Recently, the Sloan Foundation made the Wharton School of the University of Pennsylvania a grant to study risk and productivity management questions across the financial services industry.
The center will focus on the practices and policies of the entire industry, not just banking or insurance.
Senior executives representing all areas of the financial services industry are working with the Wharton faculty to design a research agenda and evaluate results that reflect the complexity and interconnectedness of the industry.
Wharton's center will hold research workshops with practitioners, researchers, and advisers to define the most critical research questions.
In addition, Wharton intends to tap into one of its deepest and strongest resources - its cadre of candidates for doctorates and master of business administration degrees - to conduct field studies and data gathering.
This approach not only taps a rich and a highly talented resource, but Wharton believes student involvement will change the way future generations think about the financial services industry.
Roadblocks to cross-industry studies are significant. Even when practitioners and accountants agree on the principles of measurement and reporting, the ability to measure consistently and over time is fraught with problems. Thus, a key research element will be issues of measurement and comparability
To further support research efforts, the center will create an information repository for researchers about the data sources used to describe the industry, its practices, and its participants.
Just solving some of the measurement and comparability problems will help executives monitor and evaluate risk more effectively.
Productivity in financial services is equally challenging. Practitioners and consultants traditionally measure inputs and outputs. But researchers and labor economists do not agree on the measures of productivity in financial services.
How many units of consumer loans can be or should be sold on the platform? What are the appropriate relationship management benchmarks for the small-business market? What are the effects of technology on the effectiveness of the retail delivery system?
Researchers plan to combine field study of practices and procedures with evaluations of current theory and the evolution of new concepts to address these issues.
Researchers will examine a range of challenges: why some institutions are able to turn operating capabilities into strategic competencies; the long-term effects of outsourcing decisions; the application of technology to operating problems; the organization and management of delivery systems; how to set risk management dimensions on trading practices; the evolution of risk in complex risk management products such as derivatives, and others.
Often regulations treat the worst symptoms of a problem and then hope the remaining symptoms will be cured (or controlled) in the process.
While regulators, lawmakers, practitioners, and consultants focus on pragmatic answers for highly interdependent issues, it is not because they do not understand the multidimensional complexities of these issues.
On the contrary. The reasons for partial solutions are not surprising. With virtually every aspect of the financial services business changing, standing still is a certain formula for failure.

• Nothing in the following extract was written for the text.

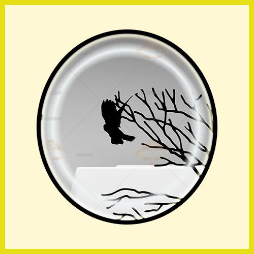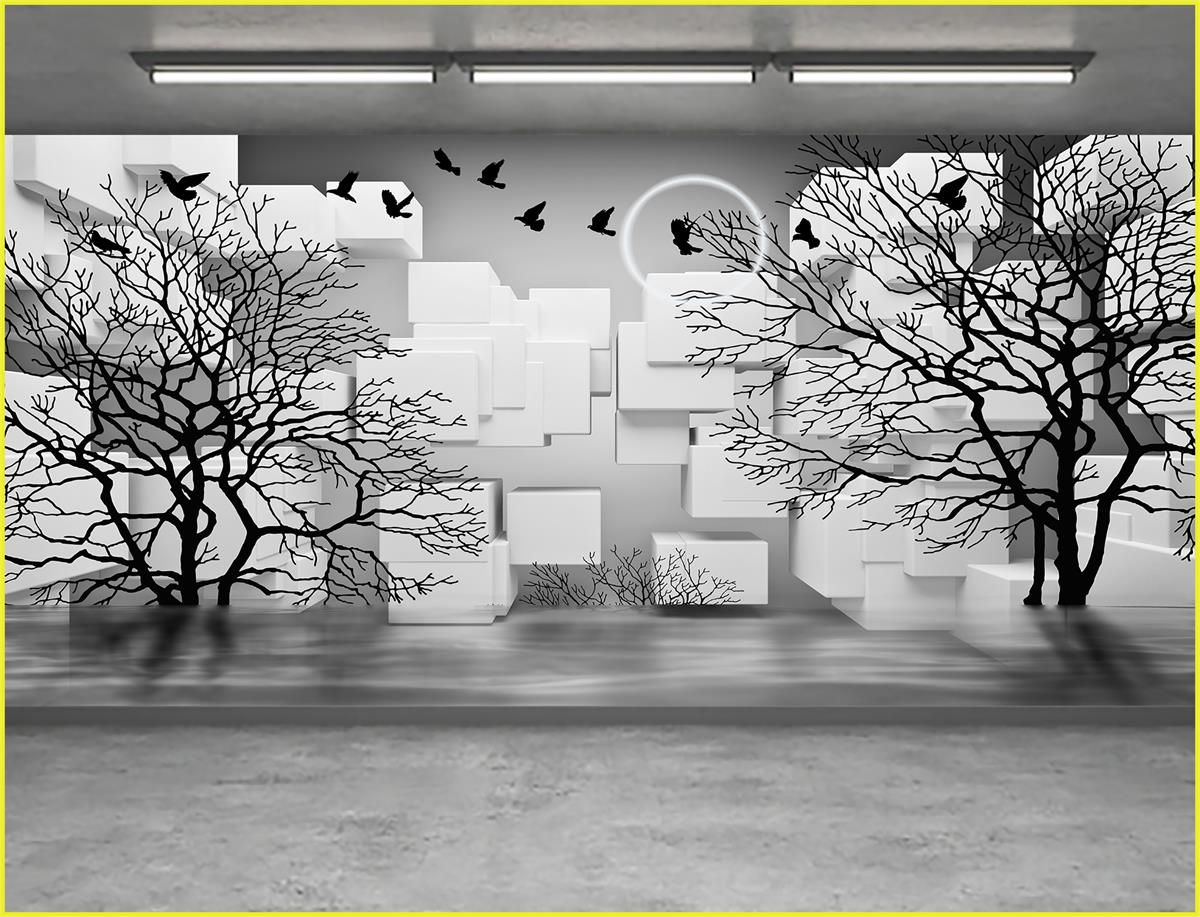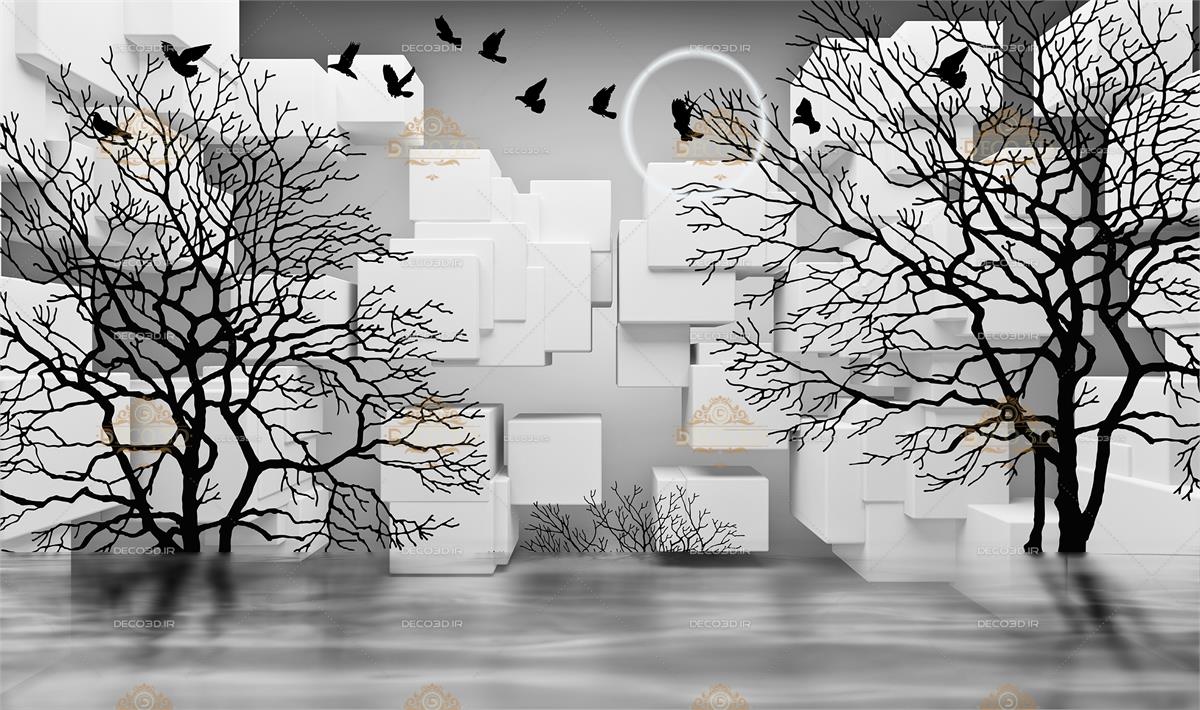 بازی پرندگان در بین درختان عریان در فضای مکعب های مربعی

Just staying even requires major restructuring in most aspects of every financial services business.
Broad Outlook Required
Finding sustainable answers that can transform a traditional financial services company into the broad-based institution chief executives envision requires a longer view and comprehensive approach.
Equally important, it requires partnerships between policymakers, researchers, and practitioners.
Serving the future competitiveness of the U.S. financial services industry demands new concepts, new perspectives, and the tools to make them work.